It seems every book ever published can be found on the Internet. But I still have fun walking into an independent book store and letting the books find me. While I was working on a recent story about Caliban Book Shop in Oakland, I stopped long enough to look through the store’s eclectic collection of some 30,000 used titles. In the Pittsburgh aisle, where I typically start my search, I found three books that remind me of why I love writing stories about my hometown.
When I first came to the Tribune-Review in 2001, I covered Pittsburgh city hall. Soon after I started, Managing Editor Jim Cuddy called me into his office and handed me a book: “Don’t Call Me Boss: David L. Lawrence, Pittsburgh’s Renaissance Mayor.” It’s not light reading and I might not have finished it — except that Jim said I had to read it. I’m glad I did. (Spoiler alert: Lawrence dies, in dramatic fashion.) The book gave me a solid grounding in Pittsburgh’s unique machine politics. I bought a copy of “Don’t Call Me Boss” for the Trib’s newest Grant Street writer, Aaron Auperlee.

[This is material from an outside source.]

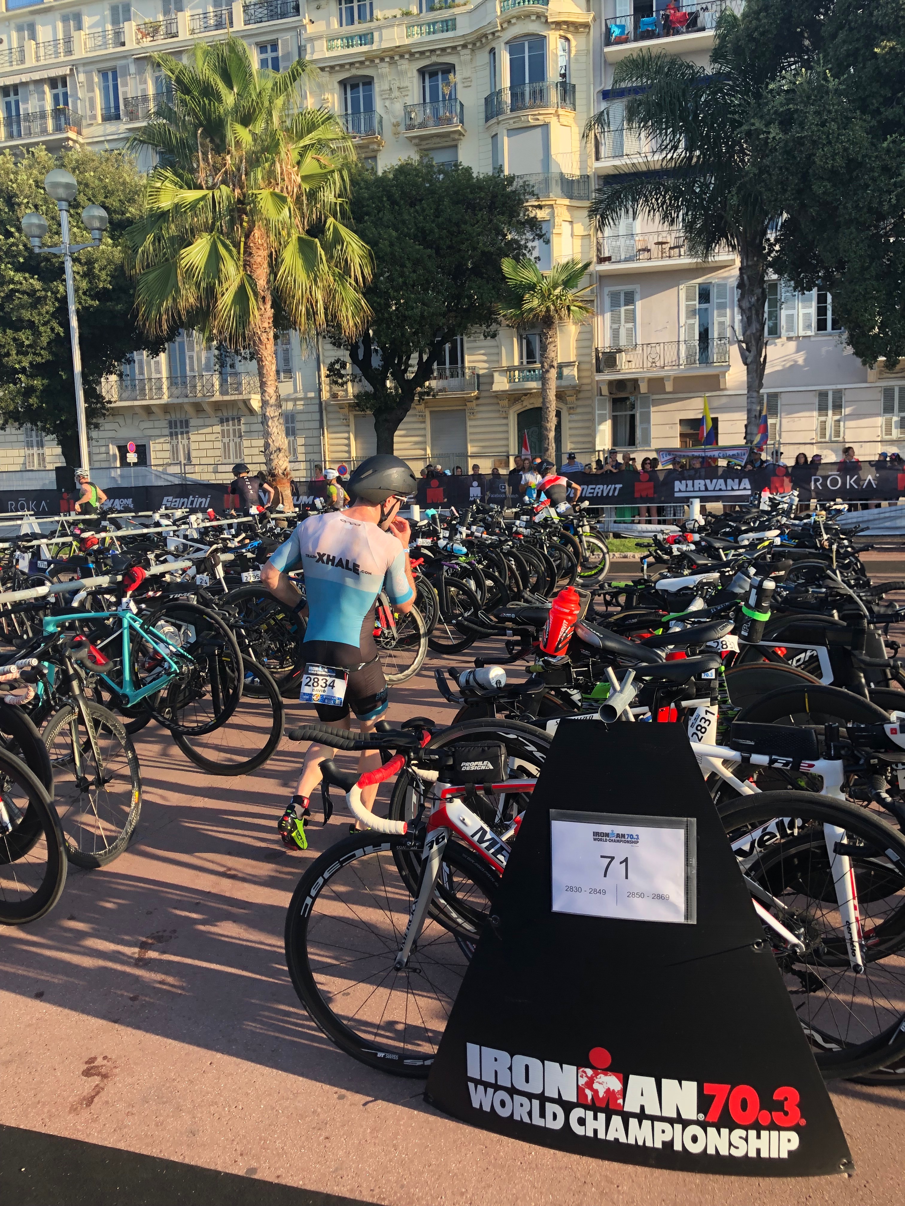 Saturday was the women’s race day. Despite the road closures driving to Nice was easy enough – thanks to Google Maps which knew which roads were closed and was able to navigate us into Nice without issue. We arrived to see the last of the age groups swim and watched the drama of the pro race unfold (Lucy Charles’ penalty!) on the big screen they had on the finish line. Watching the pro’s come in on the bike and then running was an amazing experience and it was especially cool to see them strolling around the race venue afterwards too. It’s not many races where you get so many top professional athletes in one place.

“Homestead: The Glory and Tragedy of an American Steel Town” also ranks among my favorites. William Serrin was working as The New York Times’ labor and workplace correspondent when he quit the paper to write this book about the closure of the Homestead Works steel mill in 1986. My grandfather worked in a steel mill, and one of my first bylines, for the National Geographic Society’s defunct news service, appeared on a story I wrote about Homestead. When I came back to Pittsburgh, I read a library copy of “Homestead,” and it shaped my understanding of the region’s labor history. I have long wanted my own copy.
Finally, I wrote a children’s book scheduled to come out in August 2015 about Roberto Clemente, the Pirates’ iconic right fielder. David Maraniss wrote the quintessential biography, “Clemente: The Passion and Grace of Baseball’s Last Hero.” I didn’t have my own copy of the book. But now I do.